Begin at the line where "香港连续两周都有特别的天文现" appears and reproduce exactly every line through the end of the data below, both included, skipping pictures.

--- DATASET EXCERPT ---
= = = =

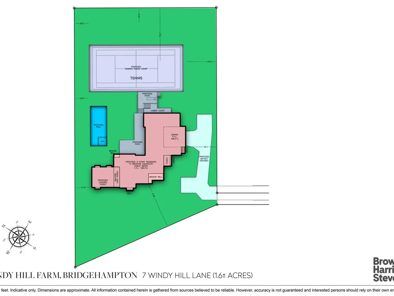 Exceptional, newly constructed and state of the art. A gorgeous new home in an equally stunning setting. Located within the private, 23+/- acre community of Windy Hill Farm in Bridgehampton the property is a sprawling 1.6+/- acre parcel, with pool and tennis, at the end of a cul-de-sac and overlooking open fields. The residence will be built to the highest standards of design and feature 9 bedrooms, 8 full bathrooms and one half bath across 6,875+/- sf of living space as well as a host of amenities including a rock climbing wall and sauna on the lower level, Tesla charging station, hydronic radiant floor heat in the garage and basement, a solar energy system and smart home tech. Finest materials and exquisite craftsmanship melding with architectural details including high ceilings, walls of glass, indoor and outdoor fireplaces, and a standing seam metal roof. The foyer opens into a perfectly designed floor plan. The east wing of the home features a living room, beautiful office, and 2 bedrooms suites. The west side offers a professional chef's kitchen, open to the family room, with large butler's pantry and breakfast area. An expansive covered porch, right off the kitchen and family room is stylish place to lounge in the glow of the outdoor fireplace. State of the art tech can be found throughout, adding to a sense of comfort and convenience. The entire home is prewired for Sonos. The bedrooms are elegant, nearly all with en suite baths. Both the primary and junior primary suites offer luxurious accommodation to relax and unwind. The walk-out lower level features a glassed gym area with access to the lower court and and Tennis beyond, sauna, game room wine closet, ample storage, and 2 bedrooms sharing a bath. Outside, the lush, well-manicured grounds will surround a gunite infinity swimming pool, tennis court, and offer pasture views. Option may be available during the pre-construction period to custom build a pool house or accessory structure for up to 3 horses with cost depending on the buyer's final choices of amenities. 13+ acres of the Windy Hill Farm community will be preserved as common open space for the exclusive use of the homeowners inclusive of a 100-year-old apple orchard and a planned horse pasture. A homeowner association will manage the usage of the space to insure it preserves the bucolic nature of the community. Located in Bridgehampton, NY, a hamlet long renowned for idyllic estates, historic horse farms and exceptional equestrian events.
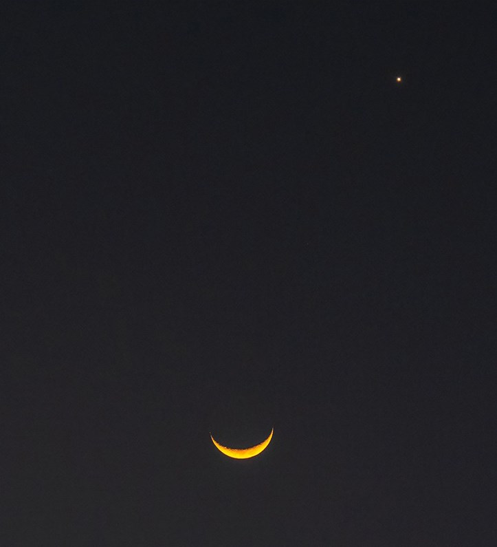 香港连续两周都有特别的天文现象可观赏。天文台日前在facebook以“金星合月”为题上载网民相片,见到汀九桥上挂上的一弯新月,右上角有一点明亮星光,像极了一张正在眨眼微笑的脸。
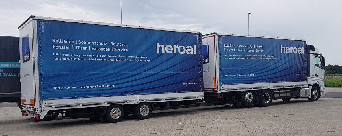 =MB Actros-Hängerzug der Firma HEROAL rastet im Juli 2021 an der A 7

= = = =

--- OUTPUT FOR THIS TASK ---
 香港连续两周都有特别的天文现象可观赏。天文台日前在facebook以“金星合月”为题上载网民相片,见到汀九桥上挂上的一弯新月,右上角有一点明亮星光,像极了一张正在眨眼微笑的脸。
 =MB Actros-Hängerzug der Firma HEROAL rastet im Juli 2021 an der A 7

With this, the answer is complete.